NEJHE launched the series in 2013 to examine emerging issues, trends and ideas that have an impact on higher education policies, programs and practices. Click here to read previous installments of this series.

The context

The convergence of forces and events affecting higher education today, including the push for college completion, has created momentum for serious discussion on the role “prior learning assessment” (PLA) might play in student learning and achievement.

The practice of granting college credit for learning and knowledge gained outside the traditional academic setting goes back decades, with roots in the G.I. Bill and World War II veterans who earned credits for military training.

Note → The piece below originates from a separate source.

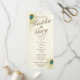 Elegant golden peacock feather design printed rack card wedding programs with brown text.
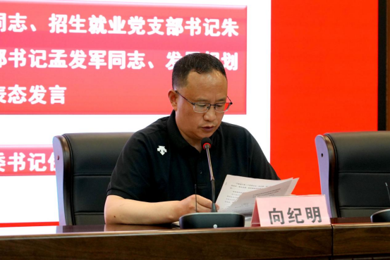 铁道工程学院党支部书记贾九荣、招生就业党支部书记朱云洁、经管与艺术学院党支部书记孟发军、发展规划处党支部代表田川依次作表态发言。他们表示要做到:一是提高认识,坚决贯彻学校党委巡察工作部署。要自觉把这次巡察作为接受党性教育、加强党性锻炼、经受组织考验的难得机会,主动接受巡察组检查和群众监督,共同努力把这次巡察任务完成好。二是积极配合,全力保障巡察工作顺利开展。要严格按照巡察组的要求,全面、及时、准确地提供报送各类情况和材料,让巡察组全面客观掌握工作情况。三是切实整改,确保巡察工作取得实效。要对巡察组提出的问题、差距和薄弱环节,及时梳理,务必做到即知即改、立行立改、真改实改。

With many different approaches to utilizing prior learning assessment to earn college credit— including portfolio assessments, challenge exams, and credit recommendations for military or corporate training—considerable attention is being placed on competency-based programs. In a competency-based approach, a college may grant credit hours or even a degree if individuals can use knowledge gained on a job to pass a college-assessment test without requiring them to spend time in class. Students in competency based education (CBE) programs typically learn and progress at their own pace, using learning from life and work experience.

The U.S. Department of Education recently gave PLA and CBE a boost by exploring federal aid eligibility to colleges experimenting with these strategies. With the intent of encouraging “better, faster and more flexible” pathways to academic credentials and jobs, proponents of PLA and CBE assert that this federal program could help lay the groundwork for regulation and legislation better-suited to CBE. The writing may be on the wall for widespread acceptance, with U.S. Secretary of Education Arne Duncan’s pronouncement in a statement about competency-based degree programs: “While such programs are now the exception, I want them to be the norm.”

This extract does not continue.